When returning to the skipped questions, these individuals use reasoning and the process of elimination to 
make educated guesses (McClain, 1983). The final behavior of test- wise individuals includes reviewing their 
work or their selected answers. 

Researchers have successfully demonstrated that training individuals to use one of the foregoing strategies, 
or a combination of them, can enhance test performance. For example, individuals diagnosed with learning 
disabilities, emotional or behavioral disorders often demonstrate a lack of test-taking strategies (Scruggs & 
Tolfa, 1985; Scruggs & Mastropieri, 1986). Numerous experiments have found that when these populations of 
individuals, whether in elementary school, middle school or college, are provided with useful test- taking 
strategies and training to utilize the strategies, their test performances improve (Scruggs & Mastropieri, 1986; 
Therrien, Hughes, Kapelski, & Mokhtari, 2009; Ritter & Idol-Maestas, 1986; Holzer, Madaus, Bray, & Kehle, 
2009; Hughes, Deshler, Ruhl, & Schumaker, 1993). These experiments would suggest that the strategies and 
behaviors demonstrated by test-wise individuals can, in fact, assist with the test-taking process and contribute 
to better test performance. 

Even though being provided with test-taking strategies is valuable and can improve test performance, there 
is another influential factor worth mentioning. An individual’s ability to successfully apply test-taking 
strategies and apply the strategies with high frequency may also influence test performance (Cohen, 2006). For 
instance, researchers have found that individuals who applied most of the trained test-taking strategies 
improved their test performance more than individuals who did not apply the majority of the test-taking 
strategies (Therrien, Hughes, Kapelski, & Mokhtari, 2009; Holzer, Madaus, Bray, & Kehle, 2009). These 
findings suggest that even if an individual is aware of test-taking strategies, applying the strategies 
inconsistently and inappropriately may prevent the individual from improving their test-taking performance to 
their full potential. Fortunately, we now have an appropriate procedure to investigate and address this 
observation by utilizing PPT (Trafimow & Rice, 2008; 2009). 

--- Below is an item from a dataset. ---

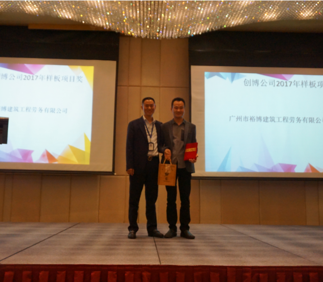 為感謝供應(yīng)商單位及勞務(wù)施工班組的支持,古雄新(佛山分公司總經(jīng)理)為3家公司頒發(fā)了“優(yōu)秀合作供應(yīng)商”獎(jiǎng),劉和森(營(yíng)銷部總監(jiān))為3個(gè)班組頒發(fā)了“優(yōu)秀合作伙伴”獎(jiǎng),總經(jīng)理李文憑先生頒發(fā)了“標(biāo)桿項(xiàng)目”獎(jiǎng)。

PPT (Potential Performance Theory) 

As previously stated, PPT suggests that consistency plays an influential role in one’s observed task 
performance. It is worth mentioning that consistency in terms of PPT is across blocks of trials which should not 
be confused with any other sense of the term. Different fields of research have used the term “consistency” to 
refer to several different phenomena. For instance, attribution research uses consistency to refer to a person 
responding similarly across different situations (Kelley & Michela, 1980; Orvis, Cunningham, & Kelley, 1975). 
According to work on the Lens model (Brunswik, 1952), consistency is used to refer to the correlation between 
predicted judgments and actual judgments, or the predicted criterion value and the actual criterion value. 
Furthermore, personality research uses consistency to refer to stability of personality traits. PPT uses yet 
another sense of the term, where consistency refers to the correlation across two blocks of matched trials. 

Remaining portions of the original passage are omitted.